Just then, the crowd split to admit the slight figure of a dark-haired girl. “Perhaps I can help, Father, although my German is really rusty,” Melanie said haltingly to Father Schreckenberg. Then turning to Santos she said rapidly in Spanish, “He is a priest, only from a faraway land, like the farmers to the north in New Braunfels.”

      
Not loosening his hold on Schreckenberg, Santos said, “I never saw a priest in San Antonio who couldn't speak Spanish, or at least English.”

      
“English! Ja, English. I speak English! I practice on my burro,” the priest said, proud to regain his bearings.

      
“Ha! What burro,
tonto
?” Santos asked sarcastically.
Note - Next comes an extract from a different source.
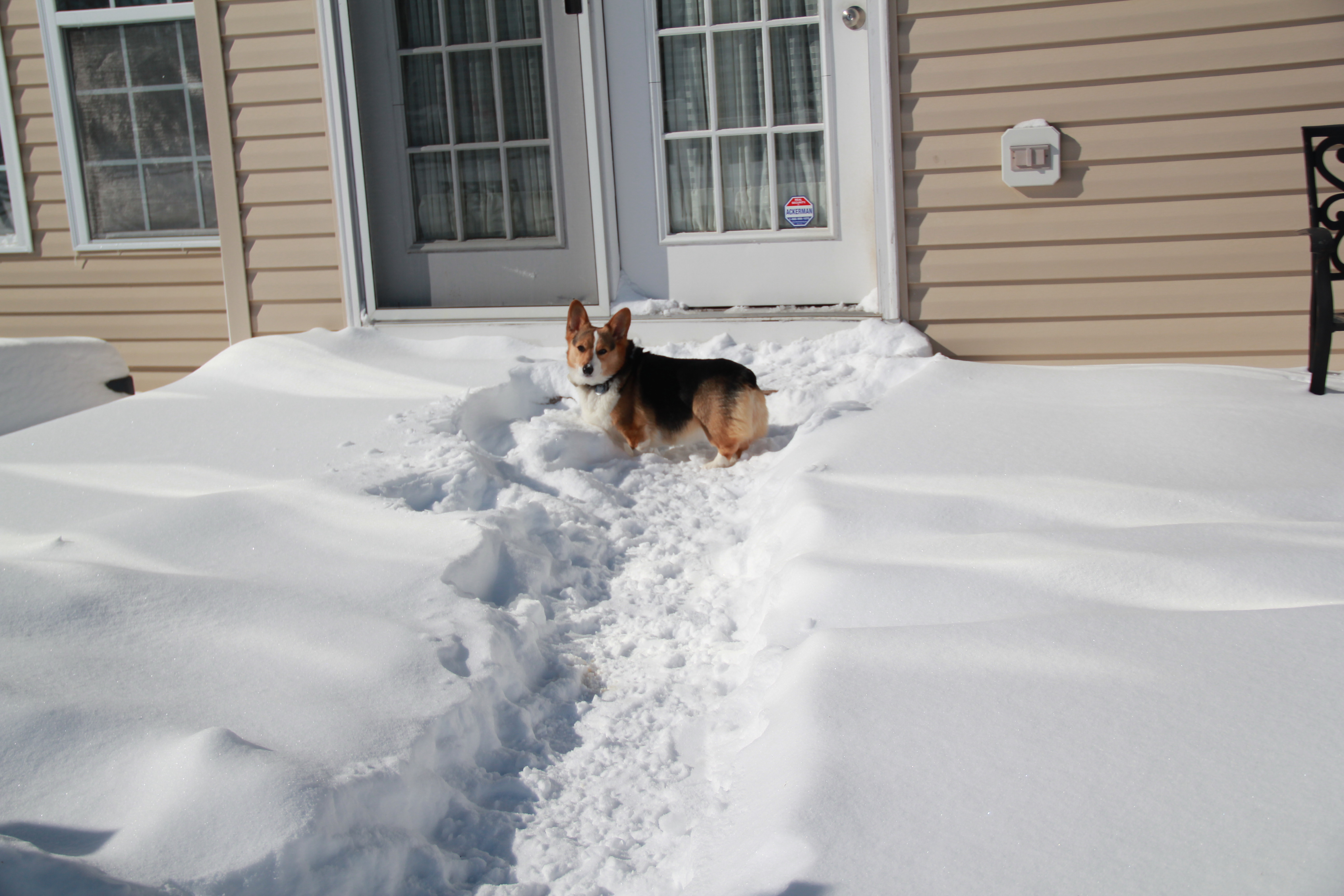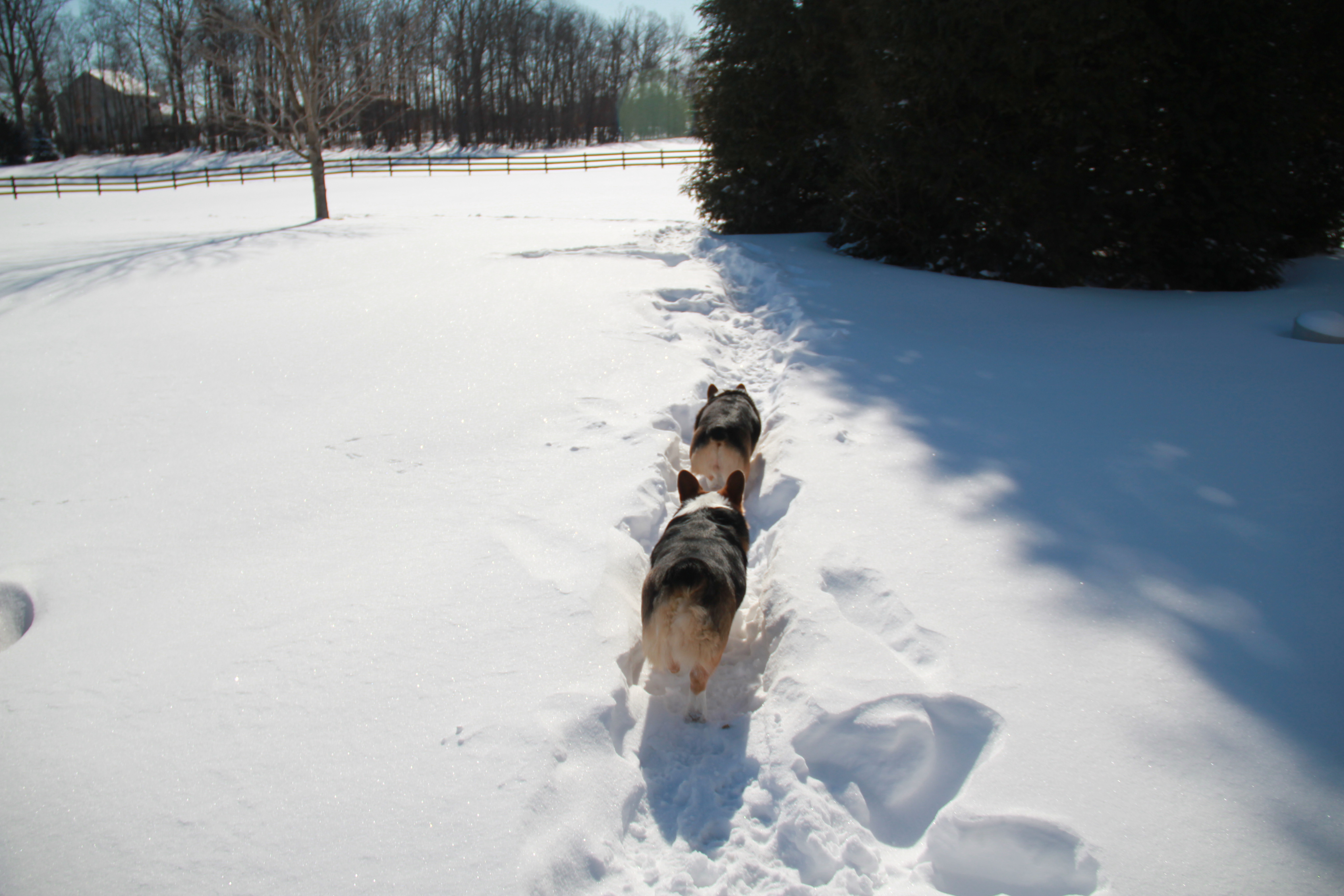 This week’s spring warm-up has brought us out of the dreaded “Arctic blast” of the last few weeks. It’s a relief not to have to keep those pipes dripping anymore. I thought I’d wish winter good-bye with one more set of corgi snow pictures. I always love the days after a snow storm, when the sun arrives to create a great contrast between the deep blue sky and the stark white ground. And, of course, the corgis keep it lively as ever. Enjoy!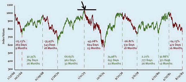 Im Seitwärtsmarkt von 1966 bis 1982 - der sich aktuell auf höherem Level zu wiederholen scheint - verliefen die großen Zyklen nicht in 2-Monats-Abschnitten, sondern eher in solchen von 16 bis 32 Monaten.

The boy, who had squirmed from Father Schreckenberg's grasp when the big
Tejano
attacked him, had shinnied up on the burro and kicked it into a startlingly fast gallop through the crowd.

      
“I told you,
indios son ladrones
,” the barkeep said in a polyglot of English and Spanish. He made the self-satisfied pronouncement, then scowled once more at Melanie and Father Schreckenberg. Looking at the girl, he accused, “You always meddle where you are not wanted. This man let a thief get away from me, and now he must walk for his sins. It's God's punishment on him for pretending to be a priest.” Furiously, he raised his hand once more in a fit of temper.

      
The priest quickly interposed himself between the small woman and the larger man; but before the confrontation could get uglier, a cool voice interrupted. “Let the priest go, Santos.” Lee stepped from the crowd, hand resting lightly on the Colt at his hip, the threat palpable in the air.